In other words: do you have a source for your claim? Or do you perhaps have a certain and specific group in mind for "Certbot", e.g., the users on this Community?

I'd like to ask @xiaohuilam the reason of this question and specifically the target audience: including or excluding large integrators? Accounts or users? Which does not have to be the same. And what's the goal of your question? Just curious?

Asking here on this Community in a "poll" manner would also be not very representitive for every ACME user out there, as there probably is a bias on this Community towards non-Certbot client use I believe.

4 Likes

Yes, that's why I asked if they meant most users or most FQDNs.

Where "user" is defined as the terms of services do: "subscriber" is who holds the private key.

LE published some data in the past, I don't know if there is a fresh publication on this.

3 Likes

Not sure how fair it is to count a single super large integrator as a single subscriber/user :wink:

4 Likes

It's not about fairness, it's a matter of definitions.

Reason why I gave both answers :smiley:

3 Likes

I found some ancient stats from back in 2016:

Back then, LE was significantly smaller than today, I think especially with regard to large integrators. So not sure how much we should trust those graphs to be applicable today.

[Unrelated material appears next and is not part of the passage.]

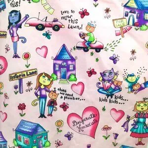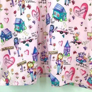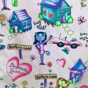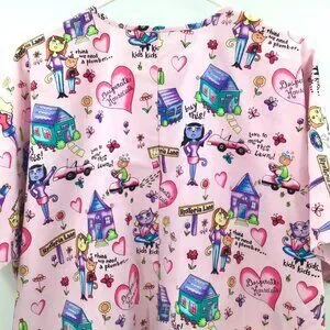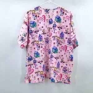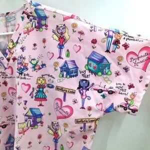 Adorable scrubs top featuring allover "Desperate Housecats" pattern with amusing, brightly colored print (see close-up photos). Two right front patch pockets, one left front patch pocket. Short sleeves, v-neck popover. The size tag has been removed; based on the measurements this should fit a 2X or possibly a 3X, but as always please compare your measurements with those below:

Maybe @pde can dust of those scripts again, 6 years later, to generate fresh stats? :smiley:

6 Likes

I remember seeing another, maybe fresher, report where the biggest integrators were named, they should be stuff like cloudflare, Shopify, Squarespace, maybe wordpress.com?

3 Likes

Why was this "question" placed in the "praise" category?
[where is the praise?]

5 Likes

But to answer the question:

I choose to use certbot and acme.sh.

5 Likes

CertSage all the way, baby!

:grin:

6 Likes

During the v1 final rampdown, @jple called a zoom meeting that many of us attended where client usage statistics were presented as percentages. I remember @schoen and @petercooperjr being there too.

7 Likes

Please recall those percentages to the best of your knowledge @griffin :rofl:

5 Likes

Uh... :woozy_face:

Can't.

5 Likes

Well, ain't that a pity.

4 Likes

There was a spreadsheet that was shared amongst those of us working on helping get people off of ACMEv1, and I did find it in my Google Drive history (as I don't use Google for much it was actually pretty easy for me to find), but it only has statistics of ACME user agents as a percentage of all ACMEv1 traffic, so I don't think it would help for the general case of understanding client usage on the current protocol.

6 Likes

I remember that the cPanel client was also huge.

5 Likes

(While I am an employee of Let's Encrypt, this post is my own opinion and should not be taken as any kind of official statement about what clients are best.)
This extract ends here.